To provide a robust learning signal during this process, the authors design a composite reward function that combines answer accuracy and format correctness. The accuracy reward is based on exact match with the ground truth, while the format reward penalizes violations of the expected structured output, such as incorrect XML tags. The total reward is a weighted sum of these two components, guiding the model to produce both correct answers and valid tool-use sequences.
Experiment
- Main experiments compare ICRL against direct prompting, retrieval-based, and fine-tuning baselines across diverse QA benchmarks, validating that ICRL achieves state-of-the-art performance in complex reasoning and multi-hop tasks without requiring supervised fine-tuning or labeled tool traces.

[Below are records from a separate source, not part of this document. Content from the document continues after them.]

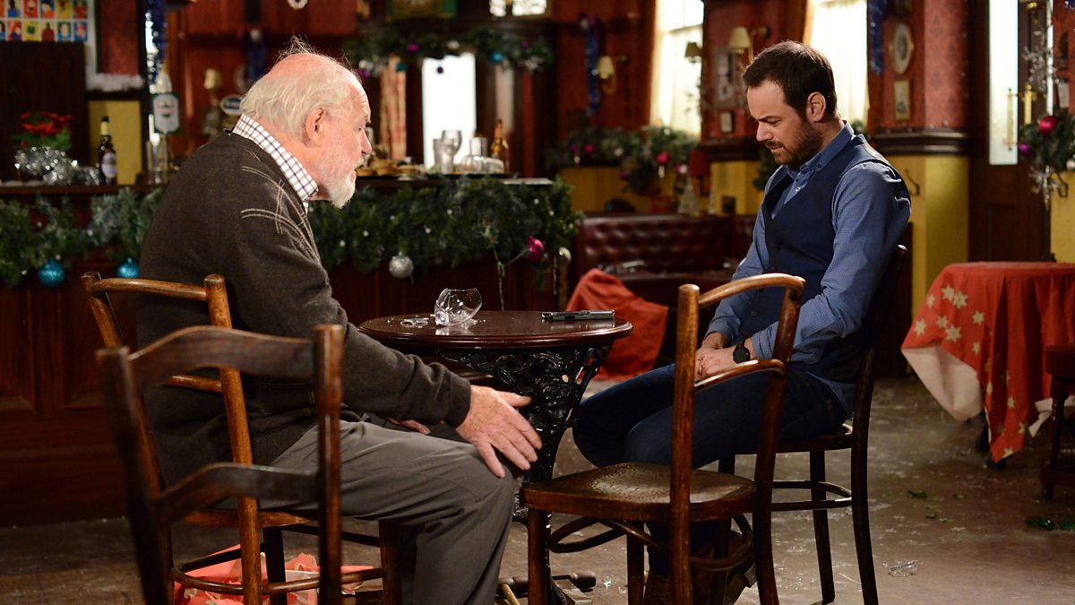 Shirley desperately asks Mick to hear her out, but Mick ignores her. A fragile Linda arrives back with Elaine. When Linda enters the Vic and sees the damage Mick has done, it’s too much for her and she swiftly leaves again. Linda turns up at Sharon’s – much to Phil’s annoyance. Elaine heads over to Sharon’s with Mick. Mick attempts to explain to Linda why he smashed up the pub – he was so angry he couldn’t see straight. Linda accepts Mick’s apology and admits the one thing she wants more than anything is for what’s happened not to change things between them. Shirley arrives back at Patrick’s, fuming that people have believed Linda. Dean suggests leaving again– just him and her; he sees no other way. Elaine and Sharon come back into the living room to see a reconciled Mick and Linda.
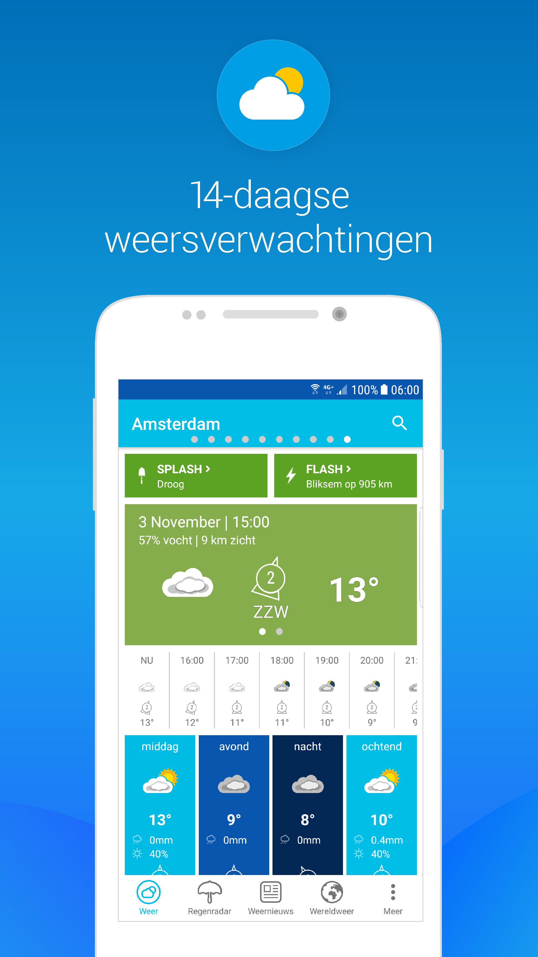We use push messages to warn you of showers, approaching thunderstorms and a weather alarm. With weather news by well-known meteorologists, the background to the weather is explained in detail.
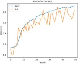 We trained this group of finger veins in the first stage with a value of (Epoch 10) and obtained a training accuracy (Train ACC) of 0.4197, where he found a loss during training with a value of 0.3442. Then we ran an accuracy test, and the results showed that (Test ACC) had a value of 0.5819, we examined the percentage of loss, and the results showed that the test loss had a value of 0.2848. We trained this group of finger veins in the second stage with a value of (Epoch 50) and obtained a training accuracy (Train ACC) of 0.9168, where he found a loss during training with a value of 0.0695. Then we ran an accuracy test, and the results showed that (Test ACC) has a value of 0.8757, we examined the percentage of loss, and the results showed that the test loss had a value of 0. 1182, which is clarified in Figure 7.
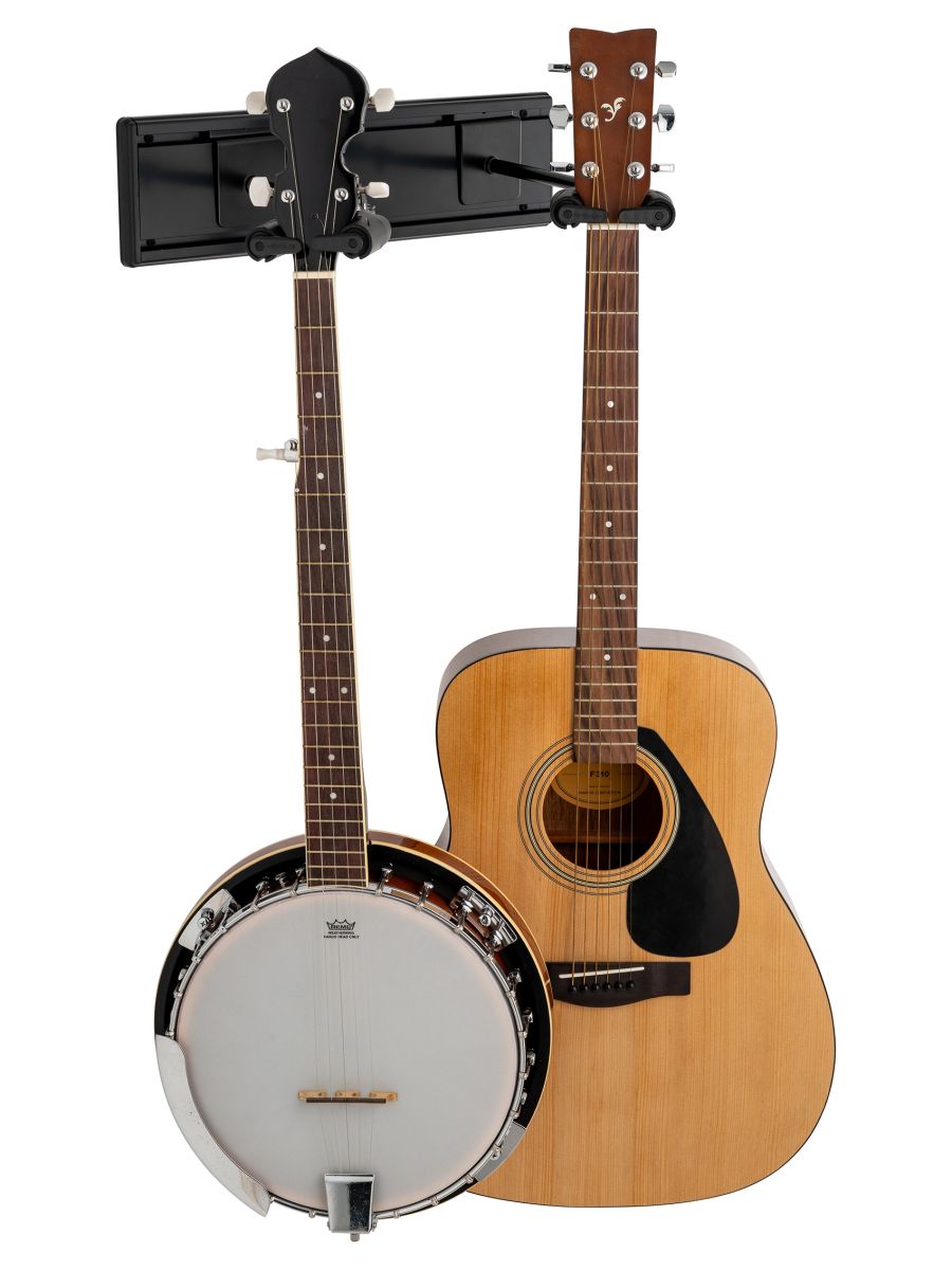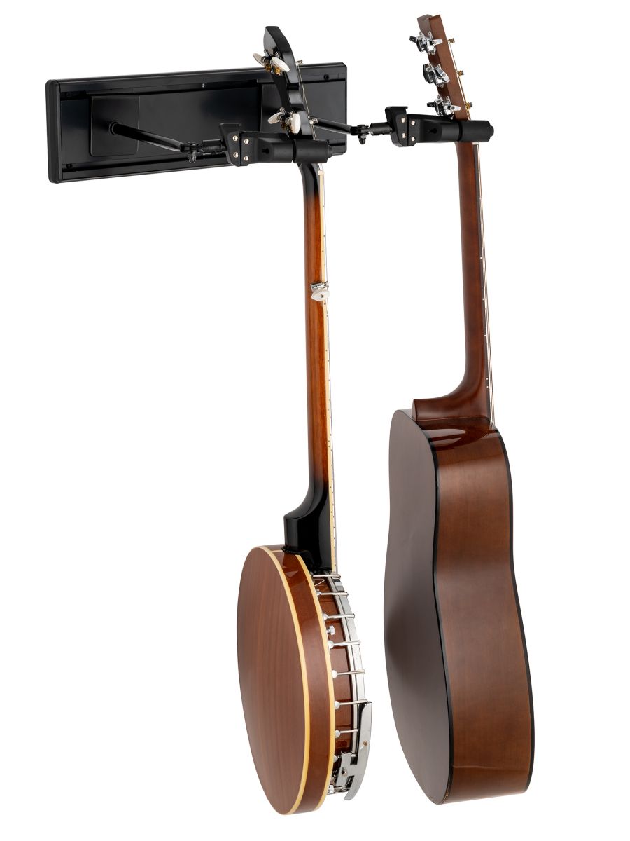 Hercules GSP402SB - настенная панель с крючками для двух гитар разработана для музыкантов, которым требуется надежное и удобное решение для хранения гитар. Она оснащена двумя поворотными крючками AGS Yoke с автоповоротом, которые надежно фиксируют инструменты. Крючки регулируются по углу наклона и подходят для грифа шириной 40–52 мм. Конструкция панели позволяет расширять систему хранения, а регулируемое расстояние между крючками делает её подходящей для инструментов разных размеров, обеспечивая оптимальную защиту и демонстрацию ваших гитар. В комплект входят настенная панель и два настенных крючка GSP40SB Plus с длинными ручками и адаптерами N.I.N.A. Пользователи могут легко добавлять новые наборы по мере роста своей коллекции гитар, комбинируя их с другими.
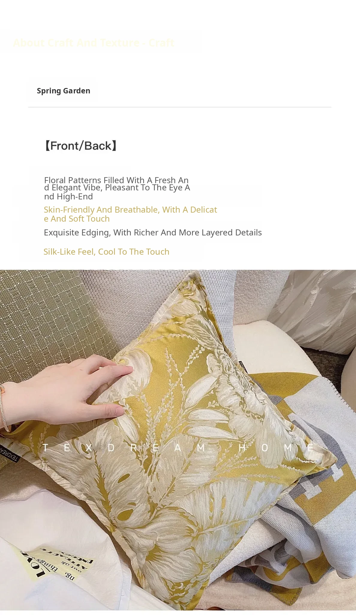 Texdream Attitude Spring Garden Pillow - French Country Style Cool Touch Cushion for Living Room Sofa - Perfect for Summer Comfort
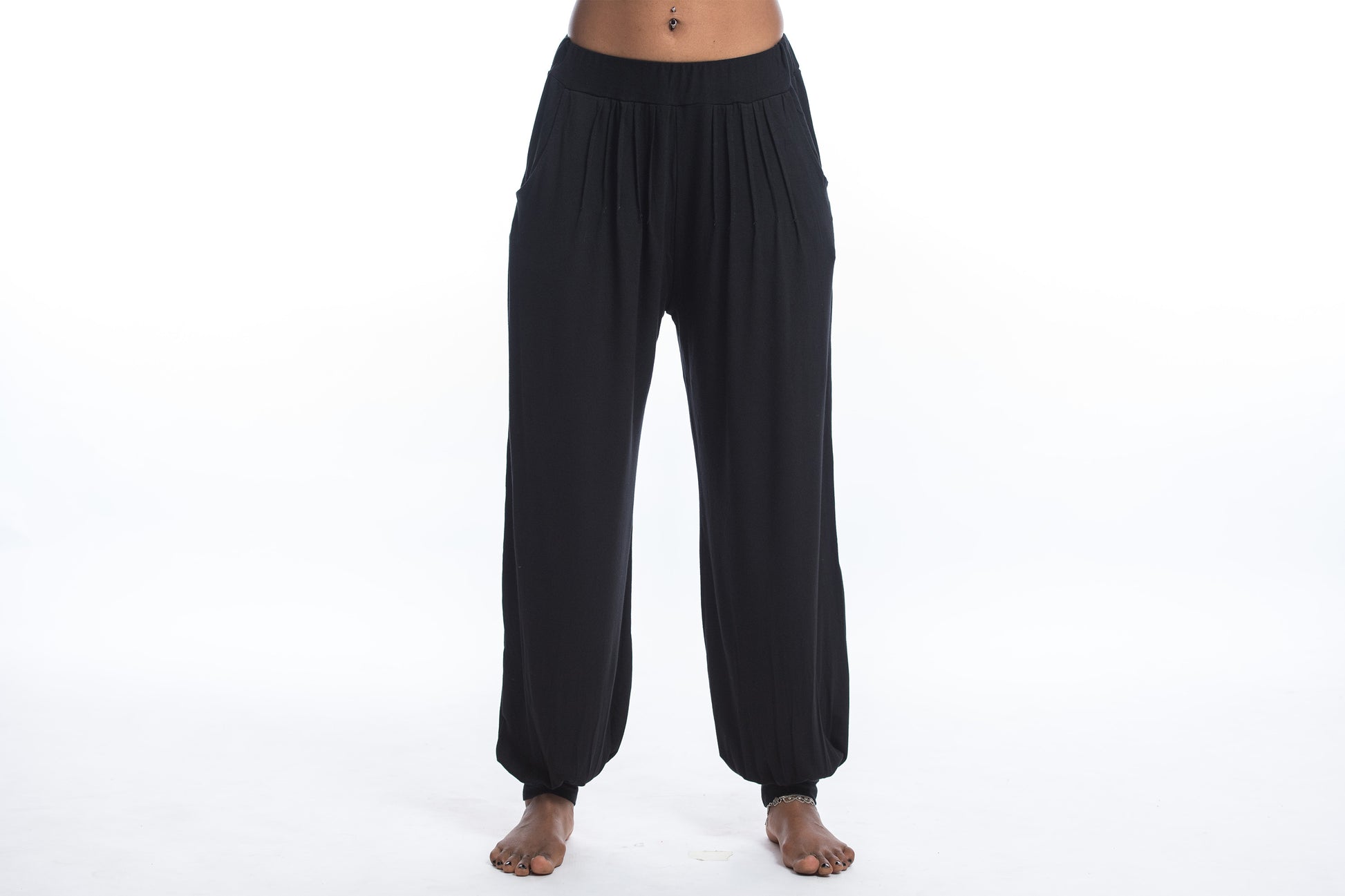 Our Super Super Soft high-cut harem pants are made from a smooth rayon-spandex blend that drapes beautifully and feels cool to the touch. The “Flex” comes from the gentle stretch in the fabric and the comfortable stretch waistband, so they move with you and stay easy all day.
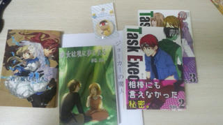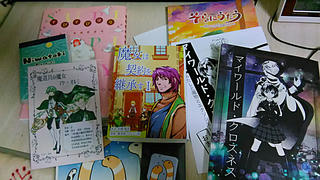 文学フリマ行ってきました。 日常生活。 2016年05月01日 こんばんは。創作する時間と意欲がめっきり減ってしまって憂いている管理人、きりです。完成させたいって気持ちはあるんですけどね、もう完全にエターなる道に一直線で怖い。さて、本日は創作意欲の刺激になるイベント、文学フリマに行ってきました。なお、サークル側の参加でいつものごとく、風亜ちゃんのところでお手伝いしてきました。(一昨日引いた風邪のせいで喉の調子が悪くて声出し殆どできなかったのは内緒)入場後は設営の準備では値札張ったりサンプル本の準備をしたりしていました。始まってからは主に店番と風亜ちゃんの雑談相手でした。開始から5時間ほどたったころ、店番中にもかかわらずこっそり風亜ちゃんの短編小説を読み始めたら額に衝撃が走りました。気づいたら目の前に掲げていたポスター(A4×3の厚紙)を支えていた金属棒がこちらに倒れてきていたのでした。そんなに痛くもなかったけどびっくりしました(´∀`;)そういえばこの小説を書いたときのUSBデータがーとか書いてあったし、この物語自体ホラー風味だし、何か曰くでもあるのかしらとほんのり怖くなったり……。なおその瞬間、私の中で今年の風亜ちゃんの誕生日プレゼントはポスタースタンド(ポップスタンド?)に決定しました。忘れんなよ自分。▼本日の戦利品(左からちょっと説明とか) ・青ノ風見鶏→ 見本誌スペースで立ち読みして、「約束」をテーマにしている(と思われる)とのことでちょっと気になったので購入。・彼女は現に夢を見る→ 風亜ちゃんの新刊。まだちょっとしか読み進めてないですが異世界転移モノです。主人公朝彦君の活躍と、ヒロインのジェンナちゃん(かわいい)を軸に進む話(だと思っている)。早く読んで恒例のチェッカー結果と感想送りつけたいです(´∀`*)・ジョーカーの魔人→ 風亜ちゃんの短編フリー配布コピー本。上記に書いたとおりホラー要素がありますが、オチがちょっと背筋がぞくってするくらいでホラー苦手な私でも読めました。リアルプチホラーがあったのは上記の通り。・Task Executer(vol.2, vol.3)→ 前回の文フリで1巻を買って、面白かったので続巻を買いました。裏稼業の何でも屋(ハンター)として働く青年2人のコメディありシリアスありの物語です。著者さんのサイトで1,2巻は読めるとのことですが、絵も好きなので本で買いました(´∀`*)主人公二人に私の好みの要素が入っているのでどちらも好きです。好きな要素はそれぞれ違うけど、少なくとも2巻パラ見した感じだときっとどっちかに決められなくなると思う_(:3」∠)_あ、好きな女子はいまのところルナリアちゃんです。・缶バッジ別のイベントで風亜ちゃんが「きりちゃんっぽい」という理由で買ってきてくれた、文鳥の缶バッジ。そうです文鳥大好きです、知らなかったにもかかわらずよく選んできてくれましたさすがです(`・ω・´)ありがとーう!ちなみに白文鳥はもっと好きです!←……実を言うと大伝勇伝の15,16巻とD.backupも買ったまま積んである状態なので早く読みたいんですが如何せん今は時間がない(´;ω;`) 特にD.backup読みてぇ……超分厚いからハードル高い。。。

- Ablation studies on curriculum design demonstrate that a simpler three-stage rollout schedule yields superior accuracy compared to aggressive reduction strategies, which cause premature stopping and weaken multi-turn reasoning capabilities.
- Scaling experiments confirm that ICRL effectively leverages larger model capacities, with the 14B variant significantly outperforming prompting and chain-of-thought methods while maintaining data efficiency.
- Generalization tests on code-writing and math problem-solving tasks show that ICRL successfully transfers to new tool domains, offering a more data-efficient alternative to methods relying on costly cold-start supervised fine-tuning.
- Training process analysis reveals that the model learns to internalize structured tool-use behaviors and increase valid tool calls over time, even when trained solely on sparse rewards for format validity and final answer accuracy.